• Action item:
Everything in the records below should be printed exactly, except the pictures.

• The records:
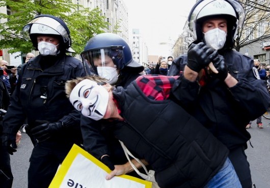 जर्मनीमा लकडाउनविरुद्ध भएकाे प्रदर्शनमा ४५ प्रहरी घाइते
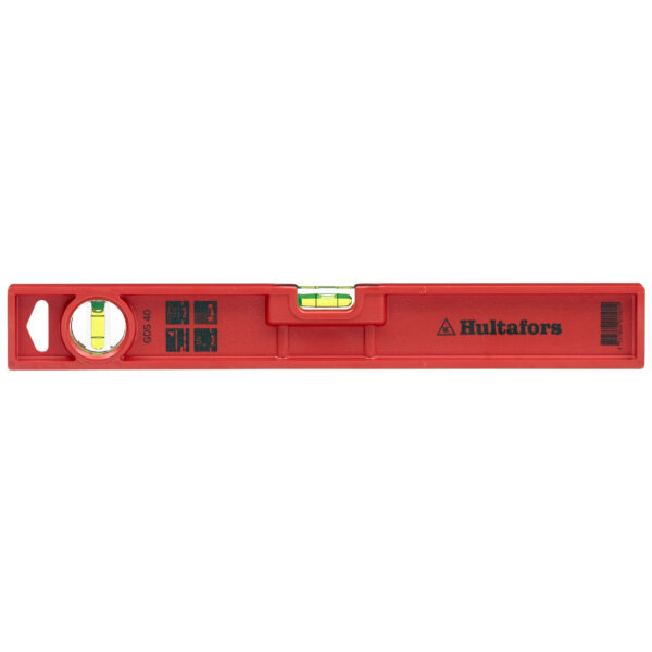 Hultafors Waterpas GDS is een stootvaste waterpas van rood polystyreen kunststof dat bestand is tegen temperaturen tussen –15°C en +60°C. De breukvaste blokvormige libellen zijn zeer transparant en duurzaam. De horizontale libel heeft een vergrootglas en lichtreflector. Cement is zeer eenvoudig van deze waterpas te verwijderen.
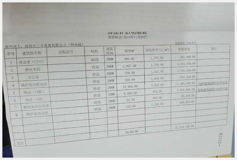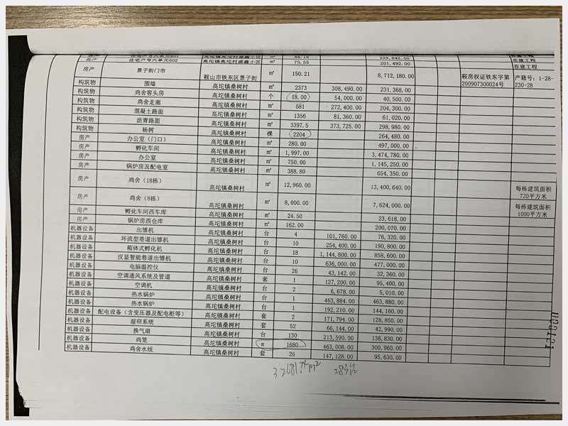 名稱:海城市高坨鎮(zhèn)桑樹村房產(chǎn)、構(gòu)筑物及其他輔助設施 面積:房產(chǎn):3602.3㎡、雞舍:20960㎡ 瀏覽次數(shù):1625
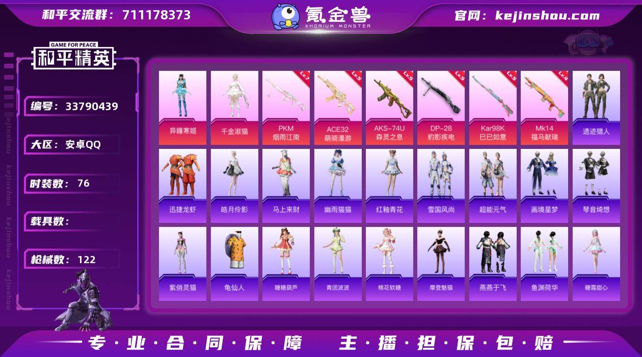 安卓手Q-2粉装-6特效枪-3粉色飞行器-33900热力值-2王牌印记-76套装-122枪皮 【热门品类】:套装-龟仙人 【粉色套装】:角色-千金淑猫,角色-异瞳寒姬 【粉色枪皮等级】:ACE32-萌骑漫游(五级),AKS-74U-森灵之息(五级),Kar98K-巳巳如意(五级),Mk14-福马献瑞(四级),DP-28-豹影疾电(五级),PKM-江南烟雨(七级) 【粉色枪皮】:ACE32-萌骑漫游,AKS-74U-森灵之息,Kar98K-巳巳如意,Mk14-福马献瑞,DP-28-豹影疾电,PKM-江南烟雨 【粉色飞行器】:炫彩糖果飞行器,萌物绒绒飞行器,英伦信使飞行器 【粉色降落伞】:精灵梦叶罗丽降落伞,金丰海韵降落伞,千金淑猫降落伞,炫彩糖果降落伞,罪夜之冕降落伞,鸢尾珑雾降落伞 【稀有套装】:套装-龟仙人,套装-超能元气,套装-雪国风尚,套装-炫彩糖果,套装-马上来财,套装-迅捷龙虾,套装-遗迹猎人,套装-糖糖葫芦,套装-青团波波,套装-棉花软糖,角色-摩登魅猫,套装-燕燕于飞,套装-鱼渊荷华,角色-糖霜甜心,角色-紫俏灵猫,套装-画境星梦,套装-琴音绮想,套装-雨过天青,套装-红釉青花,角色-幽雨猫猫,角色-皓月伶影 【稀有枪皮】:AUG-冰晶雪宝,AKM-夜灯,AKM-破晓战魂,AKM-龙的传人,SCAR-L-炫彩节奏,M416-红色方程式...
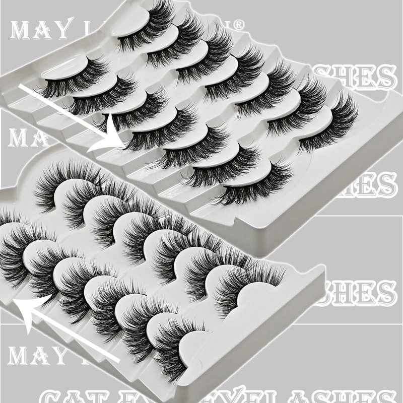 - ð€ã6D Cat Eye VolumeãMayIFindYou fake eyelashes natural look use high-technology Curling technique, what makes fluffy mink lashes have long-lasting and full 6d layered volume. False eyelashes bring you charming distinctive look all the day.
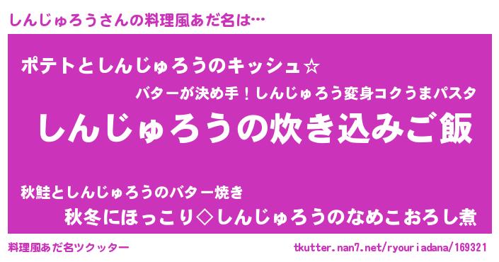| 男性向けラノベタイトル風あだ名 | 『うちのしんじゅろうが世界を掌握している!』 |
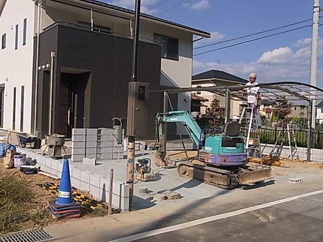 車庫3台分の工事と、門柱のエクステリア工事でした。
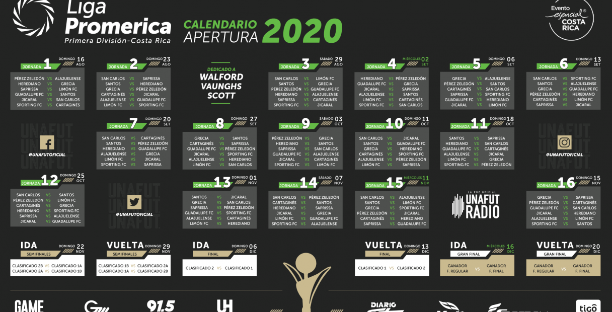 UNAFUT anunció este miércoles el calendario del Apertura 2020 de la Liga Promerica, un cronograma que cumple con todos los parámetros solicitados por los clubes tras el cambio de formato de competición para dicho certamen.
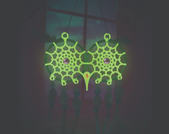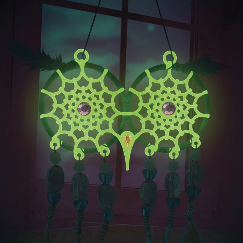 Objevte magický svět tvoření a klidného usínání. Sada Nebulous Stars obsahuje vše potřebné pro výrobu dvou sovích lapačů snů, jejichž oči a nitě září ve tmě. Dekorace krásně vynikne u postele nebo v dětském pokoji a dodá mu jemné světélkující kouzlo.
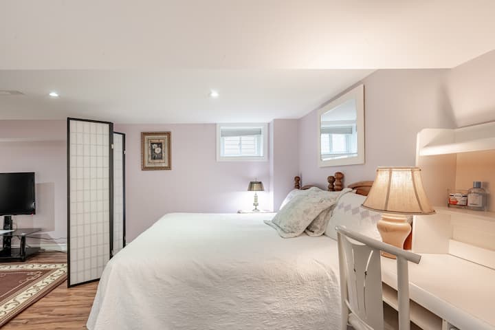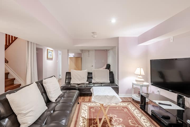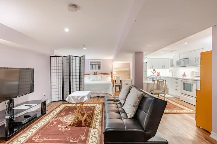 جناح في الطابق السفلي بتصميم مفتوح مع مطبخ جديد

• Result below:
 जर्मनीमा लकडाउनविरुद्ध भएकाे प्रदर्शनमा ४५ प्रहरी घाइते
 Hultafors Waterpas GDS is een stootvaste waterpas van rood polystyreen kunststof dat bestand is tegen temperaturen tussen –15°C en +60°C. De breukvaste blokvormige libellen zijn zeer transparant en duurzaam. De horizontale libel heeft een vergrootglas en lichtreflector. Cement is zeer eenvoudig van deze waterpas te verwijderen.
 名稱:海城市高坨鎮(zhèn)桑樹村房產(chǎn)、構(gòu)筑物及其他輔助設施 面積:房產(chǎn):3602.3㎡、雞舍:20960㎡ 瀏覽次數(shù):1625
 安卓手Q-2粉装-6特效枪-3粉色飞行器-33900热力值-2王牌印记-76套装-122枪皮 【热门品类】:套装-龟仙人 【粉色套装】:角色-千金淑猫,角色-异瞳寒姬 【粉色枪皮等级】:ACE32-萌骑漫游(五级),AKS-74U-森灵之息(五级),Kar98K-巳巳如意(五级),Mk14-福马献瑞(四级),DP-28-豹影疾电(五级),PKM-江南烟雨(七级) 【粉色枪皮】:ACE32-萌骑漫游,AKS-74U-森灵之息,Kar98K-巳巳如意,Mk14-福马献瑞,DP-28-豹影疾电,PKM-江南烟雨 【粉色飞行器】:炫彩糖果飞行器,萌物绒绒飞行器,英伦信使飞行器 【粉色降落伞】:精灵梦叶罗丽降落伞,金丰海韵降落伞,千金淑猫降落伞,炫彩糖果降落伞,罪夜之冕降落伞,鸢尾珑雾降落伞 【稀有套装】:套装-龟仙人,套装-超能元气,套装-雪国风尚,套装-炫彩糖果,套装-马上来财,套装-迅捷龙虾,套装-遗迹猎人,套装-糖糖葫芦,套装-青团波波,套装-棉花软糖,角色-摩登魅猫,套装-燕燕于飞,套装-鱼渊荷华,角色-糖霜甜心,角色-紫俏灵猫,套装-画境星梦,套装-琴音绮想,套装-雨过天青,套装-红釉青花,角色-幽雨猫猫,角色-皓月伶影 【稀有枪皮】:AUG-冰晶雪宝,AKM-夜灯,AKM-破晓战魂,AKM-龙的传人,SCAR-L-炫彩节奏,M416-红色方程式...
 - ð€ã6D Cat Eye VolumeãMayIFindYou fake eyelashes natural look use high-technology Curling technique, what makes fluffy mink lashes have long-lasting and full 6d layered volume. False eyelashes bring you charming distinctive look all the day.
| 男性向けラノベタイトル風あだ名 | 『うちのしんじゅろうが世界を掌握している!』 |
 車庫3台分の工事と、門柱のエクステリア工事でした。
 UNAFUT anunció este miércoles el calendario del Apertura 2020 de la Liga Promerica, un cronograma que cumple con todos los parámetros solicitados por los clubes tras el cambio de formato de competición para dicho certamen.
 Objevte magický svět tvoření a klidného usínání. Sada Nebulous Stars obsahuje vše potřebné pro výrobu dvou sovích lapačů snů, jejichž oči a nitě září ve tmě. Dekorace krásně vynikne u postele nebo v dětském pokoji a dodá mu jemné světélkující kouzlo.
 جناح في الطابق السفلي بتصميم مفتوح مع مطبخ جديد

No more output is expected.